Ashton and the ‘Dance Whisperer’

by Rachel Thomas, Communications Manager, The Frederick Ashton Foundation

In 1932, Frederick Ashton – not yet 30, and yet to become the defining choreographer of British ballet – began working alongside an African American dancer and choreographer whose name is now little known outside dance-history circles: Buddy Bradley. Though brief, their creative exchange offers a revealing glimpse of the young Ashton shaping his craft, experimenting and developing a curiosity for new forms of movement that would echo through later works.

Born in Clarkesville, Georgia, Bradley came up through the floor shows of Harlem’s Prohibition-era clubs and made his name staging dances on Broadway before settling in London. He was, in the language of the day, a ‘dance director’, but really something rarer. Author Maureen Footer, whose recent biography of Bradley, Feel the Floor, has renewed interest in the choreographer, characterises him as a ‘dance whisperer’: a gifted teacher who could break jazz movement down and transmit it to ballet- and ballroom-trained bodies. Yet, as a Black artist in working on Jazz Age Broadway, he was often left uncredited—prized for his talent while remaining at the margins of the productions he transformed. London’s West End, however, sought Bradley out, and gave him full credit. He coached stars such as Jessie Matthews and Jack Buchanan in a dance language characterised by relaxed, polyrhythmic movement, grounded use of weight and vernacular gesture, and also shaped dance numbers for the impresario C.B. Cochran.
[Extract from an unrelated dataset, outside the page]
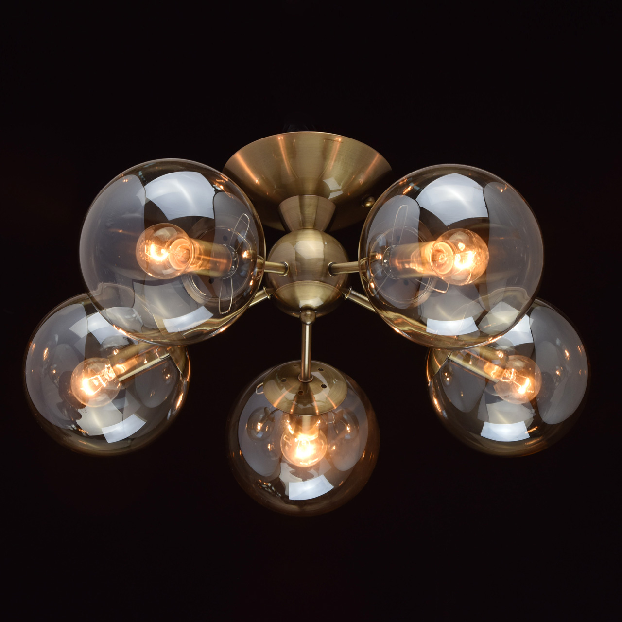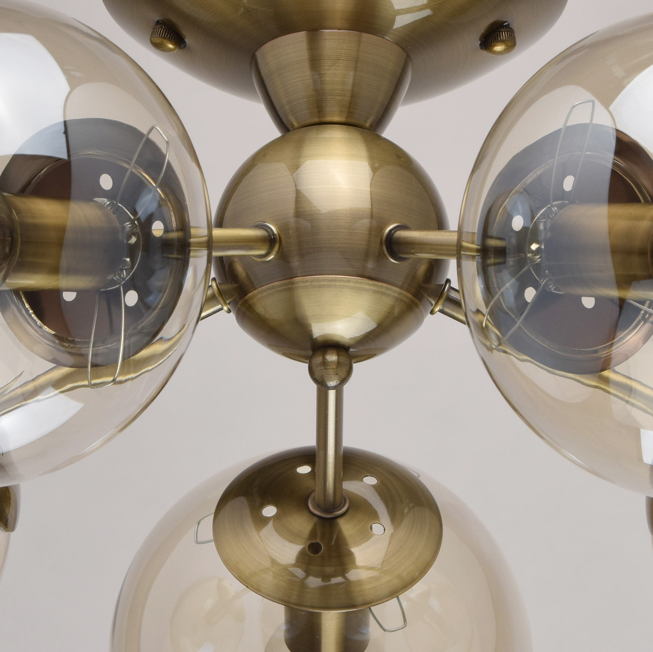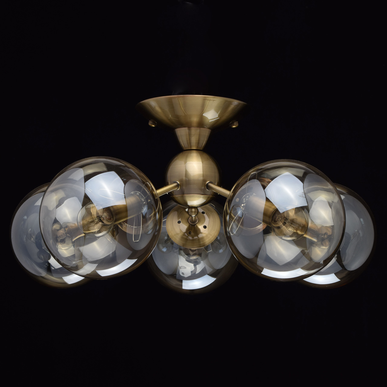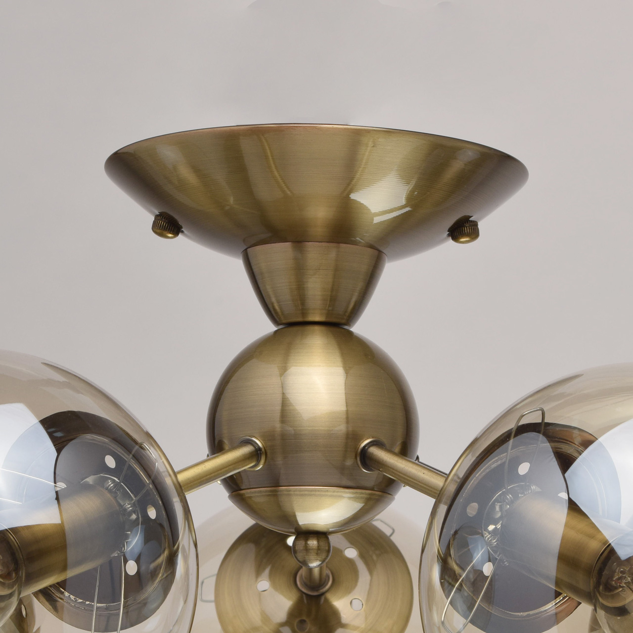 Основание: металл, гальванизация в цвет античной бронзы, лакирование. Потолочная чаша, корпус и держатели плафонов изготовлены по технологии обработки на токарном станке. Плафоны: стекло отлитое в форму, гальванизация в цвет шампань.Тип помещения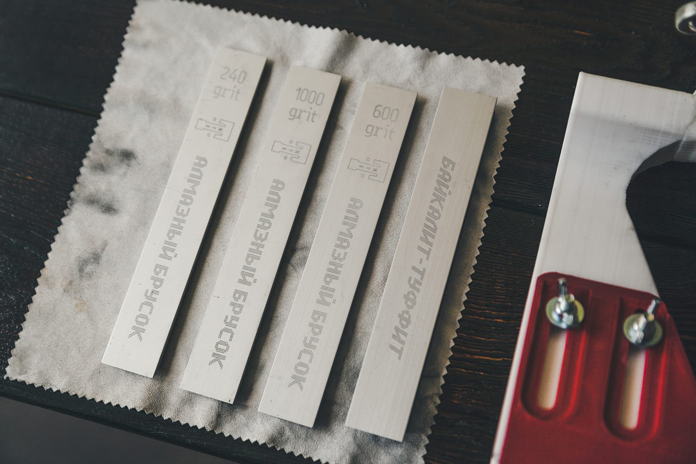 Набор для заточки ЖУК ПРЕМИУМ / 4 держателя / 6 абразивных брусков / угломер / подарочный ящик

It was through revues for producers like Cochran that Ashton and Bradley, who were less than a year apart in age, first met. After collaborations early in 1932 including Magic Nights – in which Ashton himself danced (or, as he later claimed, ‘faked’) a Bradley tap routine – Ashton brought Bradley into the more rarefied world of the Camargo Society, the subscription venture commissioning new work from a rising generation of choreographers and artists. 
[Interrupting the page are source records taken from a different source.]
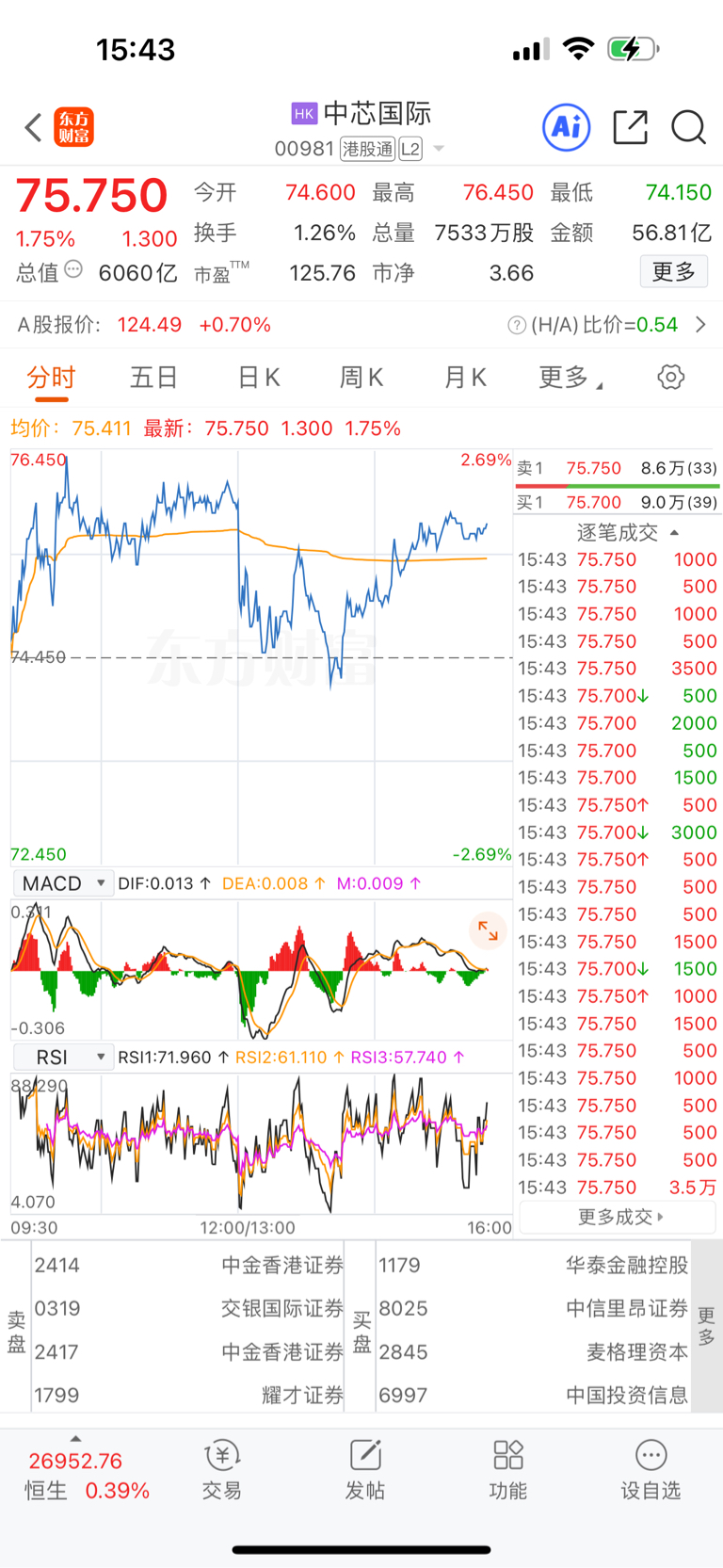 $中芯国际(SH688981)$ 最近港股中芯强,跌的少涨的多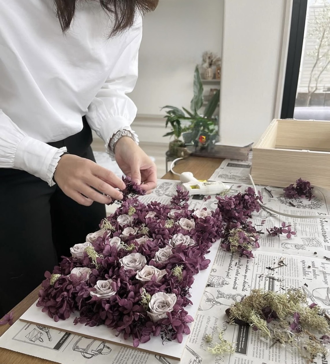 実際にプリザーブドフワーアレンジを手作りしながら教室の雰囲気や受講の流れを確認いただければと思います。お気軽にお申込みください。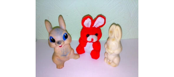 Материалы: картон, пластилин, аппликация, двойной скотч, синие пампушки, игрушки зайцы (пластмассовый, меховой, из мыла).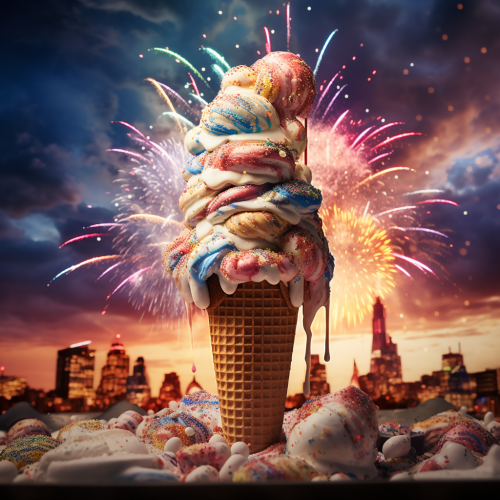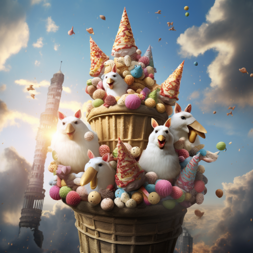 dancing ice cream cones with crowns on the top of a skyscraper with unicorns and chicken nuggets

Going on to work together on further revues during the 1930s, Ashton and Bradley became friends, spending evenings in Bradley’s flat talking about dance along with Markova. But what, if anything, did they take from one another as choreographers?

At the May 2026 V&A symposium Celebrating a Century of British Ballet, Footer described Ashton and Bradley as young collaborators who inspired one another, each expanding the other’s sense of what was possible. From her perspective as a Bradley scholar, she suggests that he absorbed aspects of Ashton’s choreographic thinking, his staging becoming more spatially layered and balletic in conception, with greater attention to ensemble structure. Elsewhere, she notes the appearance of ‘wonderful balletic gestures’ and even experiments with pointe work within Bradley’s revue choreography.
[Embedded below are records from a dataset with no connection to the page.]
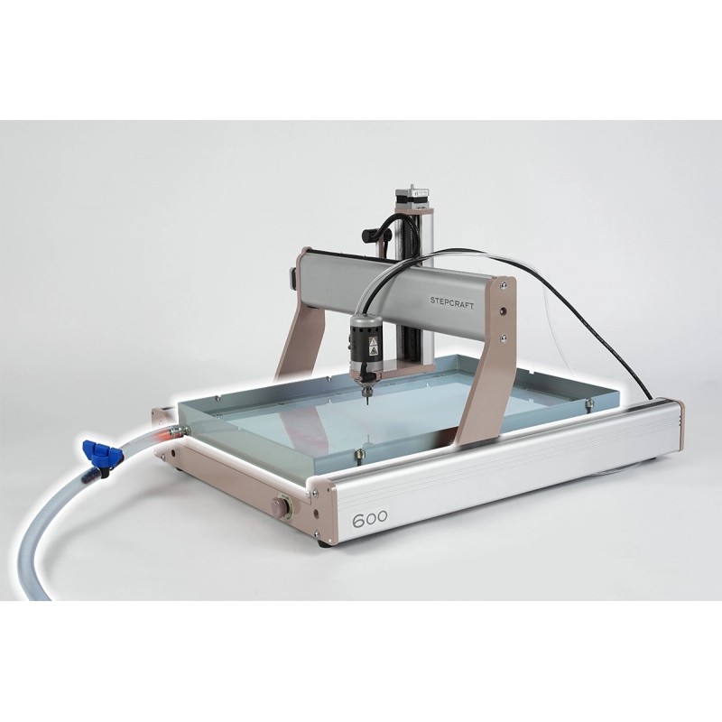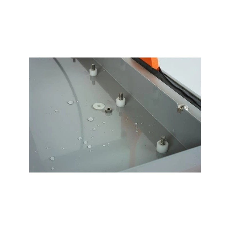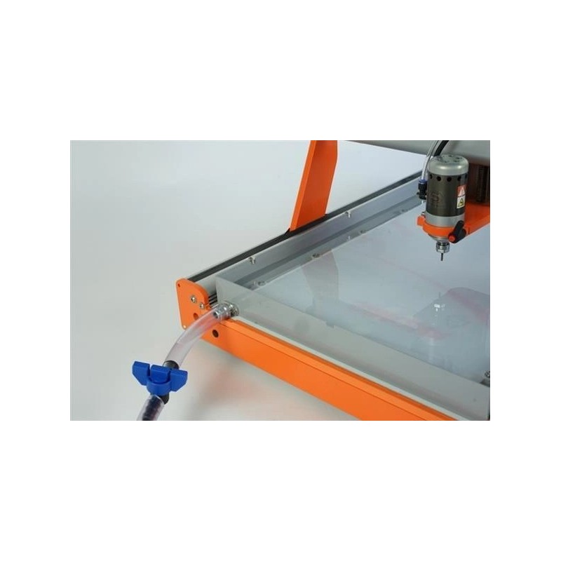 Podczas korzystania z wanny frezowej można obrabiać różne materiały pod wodą lub inne płyny. W ten sposób nie tylko osiągasz bardzo dobre chłodzenie, które jest pomocne przy cięciu pleksi, tworzywa termoplastycznego i węgla, ale także zachowanie wiórów w wannie. Płyty, które należy obrabiać, są zabezpieczone w wygodny sposób za pomocą śrub mocujących.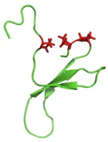 - ↑ Blanco, F. J.; Rivas, G.; Serrano, L. (1994). "A short linear peptide that folds into a native stable beta-hairpin in aqueous solution". Nat Struct Biol. 1 (9): 584–590. doi:10.1038/nsb0994-584. PMID 7634098. S2CID 35065527.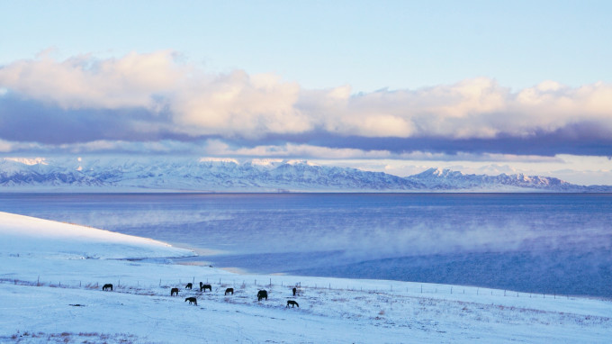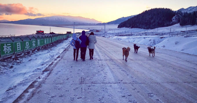 看完日出后,我的手已经被冻僵到按不下快门,走回酒店简单吃了碗泡面就启程正式进入赛里木湖景区。

Ashton too seems to have been taken with Bradley’s movement language. Geraldine Morris, Senior Lecturer in Dance Studies at the University of Roehampton, writes in her book Frederick Ashton’s Ballets that his ‘acute eye for movement probably led him to use some of the stylistic aspects of Bradley’s dances,’ pointing to ‘the loose plasticity of the upper body, a centring of the weight in the pelvis area and the apparently relaxed approach to movement’ that surfaced in Ashton’s choreography. Elements of this language appear in the Foxtrot from Façade (1931) and in Four Saints in Three Acts (1934). Even years later, the Ugly Sisters in Ashton’s Cinderella (1948) seem to echo steps Jessie Matthews had danced for Bradley, and Bradley’s unmistakable ‘snake hips’ resurface in Ashton’s choreography for the female protagonist in Daphnis and Chloë (1951). 

Inspiration, then, went both ways. This was perhaps inevitable in London of the 1930s: a cultural crossroads where the lines between ballet, revue and jazz were beginning to blur, and where Ashton and Bradley worked side by side. As Morris suggests, the influence Bradley had on Ashton was, though traceable in only a handful of his ballets, ‘not insignificant’. It shows that, even in his twenties, Ashton was alert to a world of movement beyond classicism—drawn to new idioms and eager to extend his choreographic vocabulary and enrich his creative vision.